1. EMERGING PARADIGMS IN NATURAL PRODUCT DISCOVERY
The landscape of natural product drug discovery is progressively shifting from laboratory-based isolation from crude drugs to the incorporation of integrative omics and advanced analytics to scrutinize the wider range of chemical diversity. The fast development of omics, analytical instrumentation, and AI technology significantly contributed to regaining the declining interest of pharmaceutical companies regarding the acquisition of new bioactives, which was a very tedious and time-consuming process previously. Moreover, the discovery of known compounds from the complex natural mixtures can be avoided via advanced analytical approaches like tandem mass spectrometry-based molecular networking [3]. Furthermore, the integrative genome-to-metabolome approach incorporates high-throughput characterization of bioactive metabolites in natural products using sophisticated spectrometric techniques. Overall, the metabolomics profiling facilitates revealing the bioactive metabolites more efficiently [4]. ML tools also guide the efficient natural products discovery due to the availability of huge data on natural product biosynthesis that became possible because of recent advancements in bioinformatics and genome mining strategies. Various kinds of biological activities, like antimicrobial, anti-cancer, and anti-inflammation activities, and target prediction, can be predicted via ML tools, as they offer an exclusive opportunity to link molecular structures of natural products with bioactivity [5]. Synthetic biology, heterologous expression, and metabolic engineering methodologies are helpful in the bio-production of worthwhile medicinal natural products. Synthetic biology helps connect predictions with real production. Transferring plant pathways into microbes or other host plants allows researchers to test whether a predicted pathway is correct, make large quantities of rare metabolites, and develop new analogs that are hard to obtain from the original plant. Such strategies reduce the need to harvest slow-growing or scarce species and make medicinal chemistry work easier to perform on natural scaffolds. Recent studies have shown steady progress in rebuilding pathways for complex terpenoids and alkaloids, although challenges remain in predicting enzyme functions and controlling pathway regulation [6,7].

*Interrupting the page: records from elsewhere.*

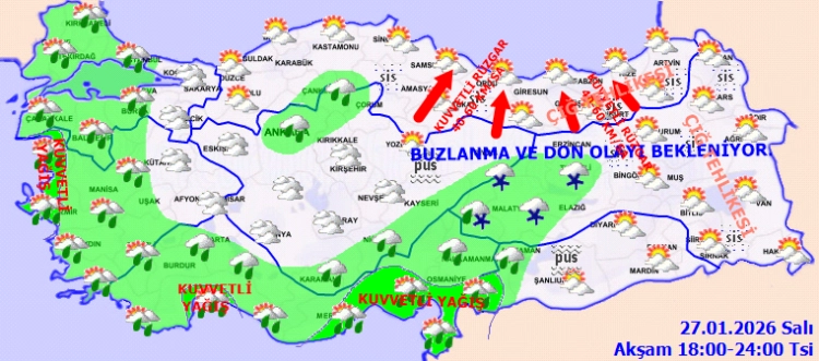 Sabah ve gece saatlerinde iç ve doğu bölgelerde buzlanma, don, pus ve sis etkili olacak. Doğu Karadeniz’in iç kesimleri ile Doğu Anadolu’nun yüksek ve eğimli alanlarında ise çığ tehlikesi bulunuyor.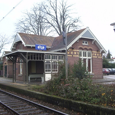 Station N.S. Zeer klein, halte-achtig stationnetjes met chaletdak en, waarschijnlijk ten behoeve van de Koninklijke familie, een luifel over het perron voor de wachtkamer (1898, architect J.F. Klinkhamer).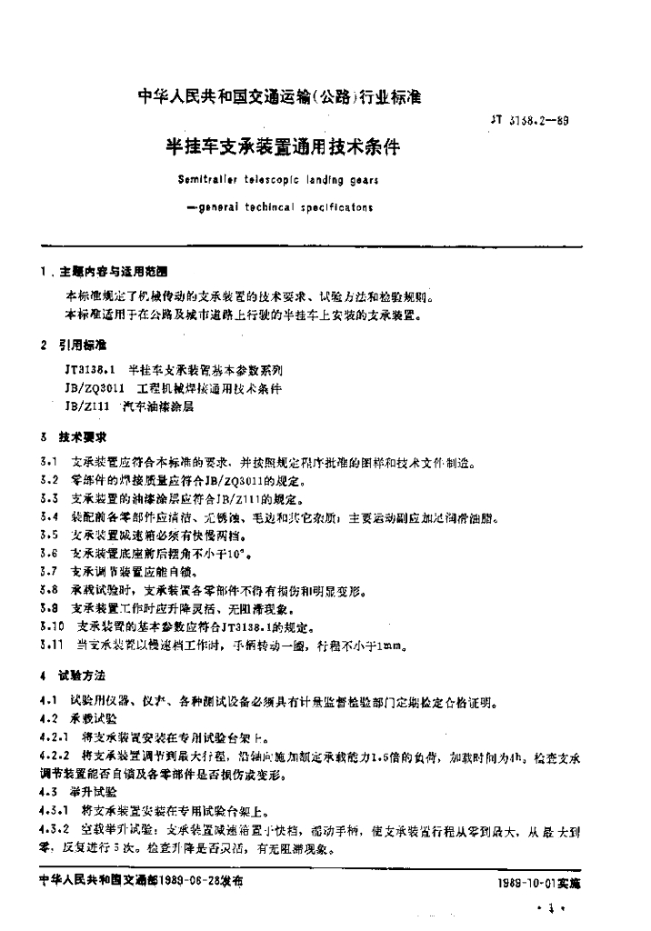 JT 3138.2-1989 半挂车支承装置通用技术条件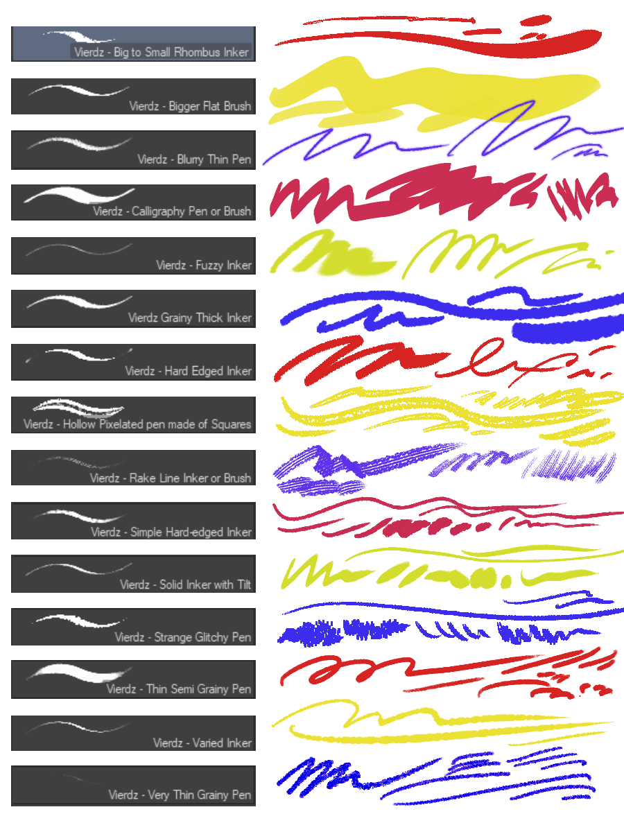 This is a pack of 15 Clip Studio Paint brushes! Some were made back in 2019 when I first started using CSP. I made most of them with the purpose of being inkers/liners, and the large "Bigger Flat Brush" was intended to be a "fill" type brush for large areas of "ink". Use them as you'd like to!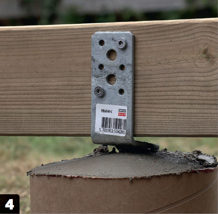 Forleng bjelkene. Der bjelkene ikke er lange nok, skal de forlenges. Forlengerne skjøtes på med beslag og skruer, og hviler på faststøpte stolpesko.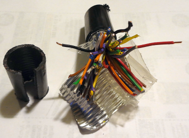 Control wires from the shack terminate into the junction box. Each wire is equipped with a shunt connected MOV for lightning as well as a LED/resistor/cap combo which provides fast indication of which lines are active. The terminal block on the left is complete; on the right wires are not connected yet. Wire pairs are twisted and further marked with letter beads to help with identification. The backing plate for this box is a 1/4" thick aluminum plate. Strap runs from the bottom of the sheet through the bottom of the box and ties into the tower ground ring wire.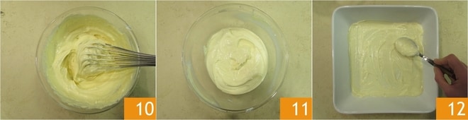 Ihr solltet eine gleichmäßige und feste Creme erhalten 10. Stellt sie in den Kühlschrank, während ihr den Kaffee zubereitet und abkühlen lasst 11. Nehmt jetzt eine quadratische Auflaufform von 20 cm an der Basis und 24 cm oben. Verteilt eine Schicht Mascarponecreme auf dem Boden 12.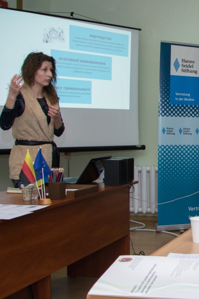 Декан факультету управління та економіки, к.держ.упр, доцент Ковтун І.Б. розповіла присутнім про шляхи активізації участі громадськості у вирішенні проблем місцевого значення.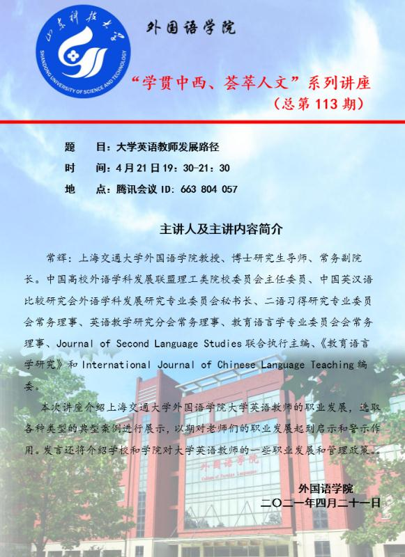 4月21日晚19:30,学院举行“学贯中西、荟萃人文”第113期讲座。上海交通大学bwin·必赢(中国区)官方网站-officialswebsi常辉教授介绍了外语教师的职业发展路径。讲座以腾讯会议形式进行,我院大学英语教师及部分专业教师参加了讲座。

2. TRANSLATIONAL CHALLENGES IN DEVELOPING PLANT-BASED NATURAL PRODUCTS INTO DRUGS
Apart from promising biological activities from plant-derived natural products, converting them into clinically beneficial drug products remains a herculean task. Several obstacles, i.e., regulatory hurdles, access to biological sources, isolation and screening challenges, and low yield, restrain their translational potential; therefore, their full therapeutic potential is still underexplored. All these hindrances have shifted the focus of the pharmaceutical sector away from natural sources and back toward synthetic compound libraries of synthetic compounds [8]. Furthermore, the effectiveness and therapeutic response of phytoconstituents can be compromised due to biopharmaceutical challenges such as their reduced solubility and bioavailability problems [9]. Even when a plant compound exhibits potent in vitro bioactivity, its drug development may be limited by poor absorption, rapid metabolism, low solubility, or instability in vivo. Many phytochemicals, especially polyphenols, flavonoids, or other secondary metabolites, suffer from low oral bioavailability or rapid clearance, limiting their translational potential [10] .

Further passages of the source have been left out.